───── TASK INPUTS ─────

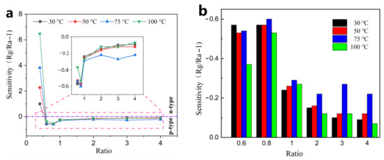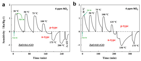 p-type sensing: As the amount of rGO continues to increase and reaches a threshold, rGO becomes the dominant factor and therefore the material transforms into a p-type sensing. When the doping ratio is increased to 0.6%, the composite starts to exhibit a p-type response in the low-temperature region (30–100 °C) at 4 ppm (Figure 10). As shown in the Figure 10a, the ZnO-0.4 rGO complex is n-type response, while ZnO-0.6 rGO exhibits a p-type response. As shown in Figure 10b, ZnO-0.8 rGO exhibit the maximum value of the p-type response in the p–n transition region. The sensitivity decreases with increasing rGO doping ratio in the p-type region. Compared with n-type complexes, the optimal operating temperature of p-type materials is reduced to 75 °C.
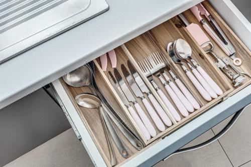 这家空调公寓配有1间卧室、起居室、带冰箱和咖啡机的设施齐全的厨房以及1间带淋浴设施和吹风机的浴室。这家公寓还提供平板电视、洗衣机以及1间带浴缸的浴室。
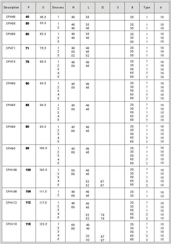 Description P 0 Grooves N L D S B Type   d
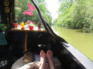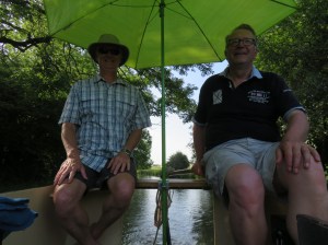 We got into the bottom lock at 11.30am and within 40 minutes we had gone through the ten locks. We are truly a well oiled machine. By midday the sun was baking us and having worked the locks we were pretty smelly and sweaty. The temperature today is four 31c which is rather warm.
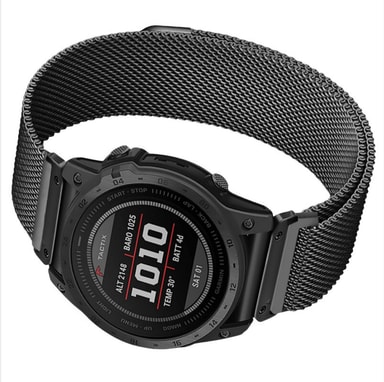 Forbedre din Garmin Fenix 7X Pro/Fenix 58 smartklokke med denne stilige og komfortable Milanese metall klokke reimen. Laget av premium 304 rustfritt stål, den tilbyr eksepsjonell styrke og en polert finish for komfort hele dagen.Les mer om produktet
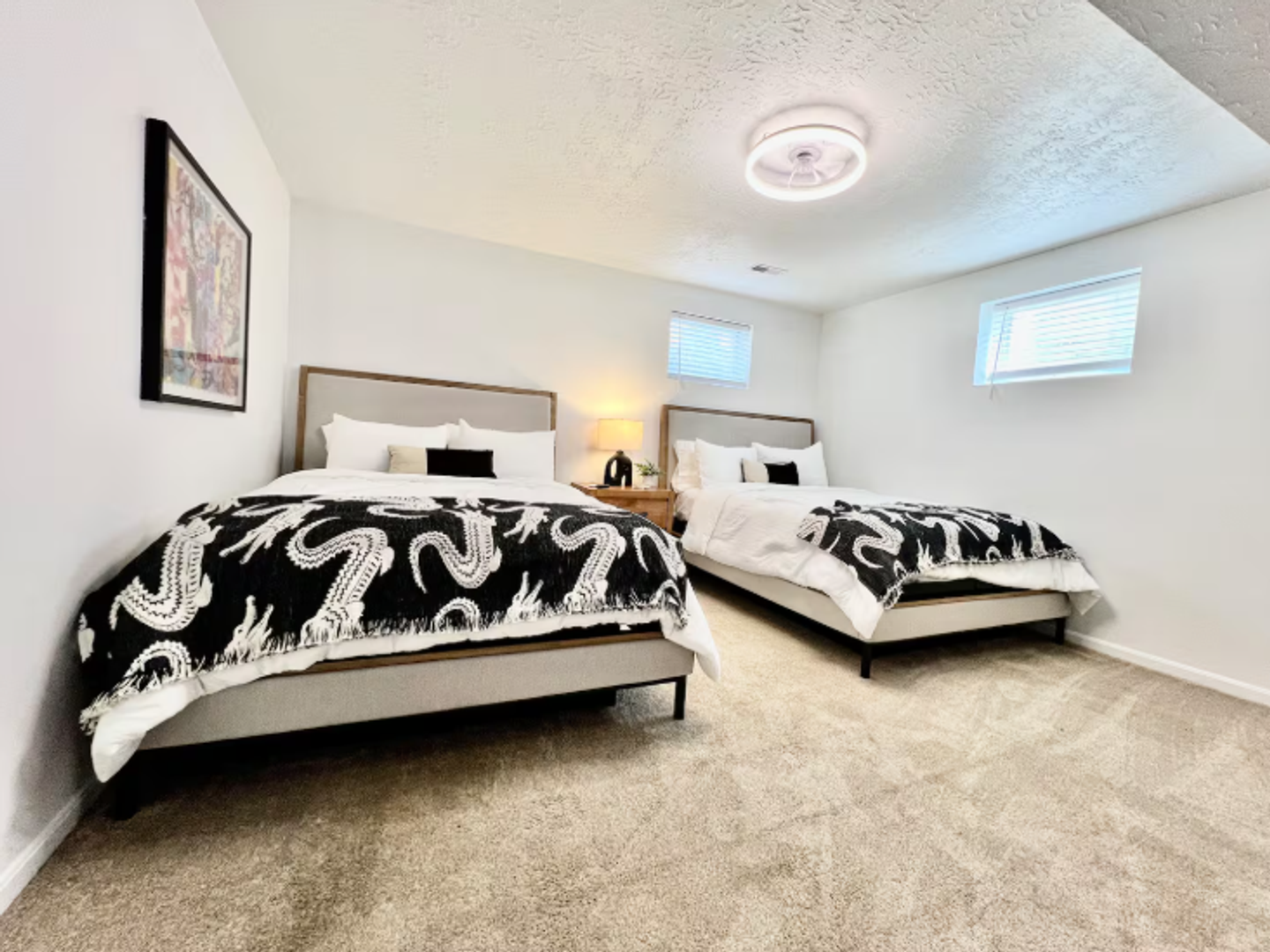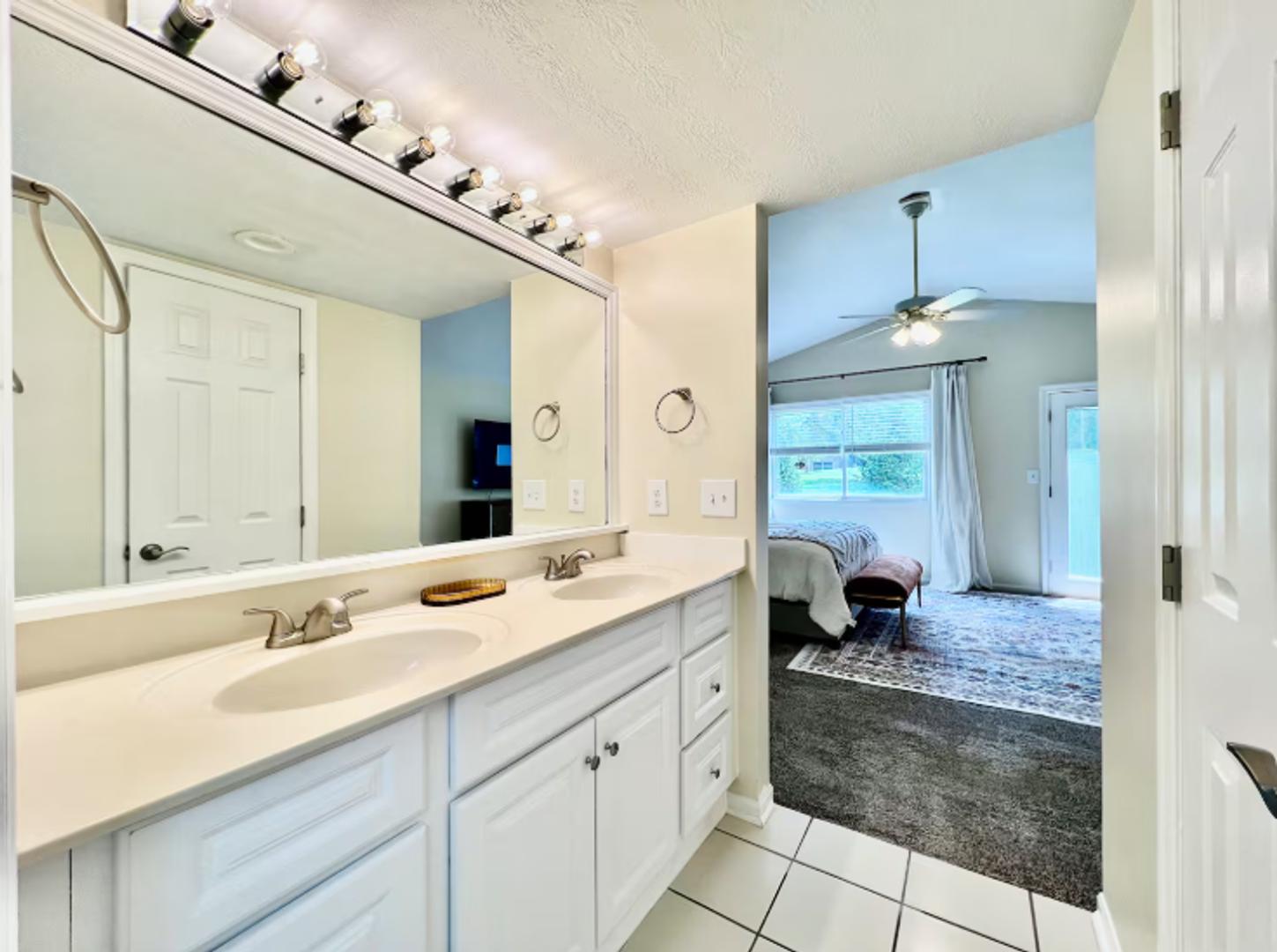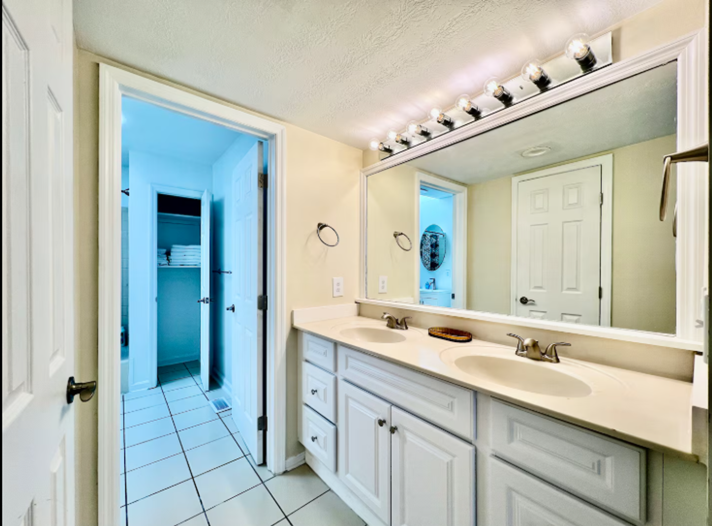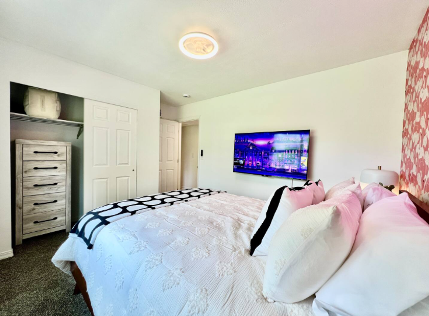 The double queen bedroom is perfect for children. This bedroom features two queen-size beds., a walk in closet and ceiling fan. There is also a large flat-screen TV which is perfect for a fun sleepover.

─────

> [INSTRUCTIONS FOR THE TASK]:
Write the entries above out again exactly, but not the pictures.

> [RESPONSE TO THIS EXERCISE]:
 p-type sensing: As the amount of rGO continues to increase and reaches a threshold, rGO becomes the dominant factor and therefore the material transforms into a p-type sensing. When the doping ratio is increased to 0.6%, the composite starts to exhibit a p-type response in the low-temperature region (30–100 °C) at 4 ppm (Figure 10). As shown in the Figure 10a, the ZnO-0.4 rGO complex is n-type response, while ZnO-0.6 rGO exhibits a p-type response. As shown in Figure 10b, ZnO-0.8 rGO exhibit the maximum value of the p-type response in the p–n transition region. The sensitivity decreases with increasing rGO doping ratio in the p-type region. Compared with n-type complexes, the optimal operating temperature of p-type materials is reduced to 75 °C.
 这家空调公寓配有1间卧室、起居室、带冰箱和咖啡机的设施齐全的厨房以及1间带淋浴设施和吹风机的浴室。这家公寓还提供平板电视、洗衣机以及1间带浴缸的浴室。
 Description P 0 Grooves N L D S B Type   d
 We got into the bottom lock at 11.30am and within 40 minutes we had gone through the ten locks. We are truly a well oiled machine. By midday the sun was baking us and having worked the locks we were pretty smelly and sweaty. The temperature today is four 31c which is rather warm.
 Forbedre din Garmin Fenix 7X Pro/Fenix 58 smartklokke med denne stilige og komfortable Milanese metall klokke reimen. Laget av premium 304 rustfritt stål, den tilbyr eksepsjonell styrke og en polert finish for komfort hele dagen.Les mer om produktet
 The double queen bedroom is perfect for children. This bedroom features two queen-size beds., a walk in closet and ceiling fan. There is also a large flat-screen TV which is perfect for a fun sleepover.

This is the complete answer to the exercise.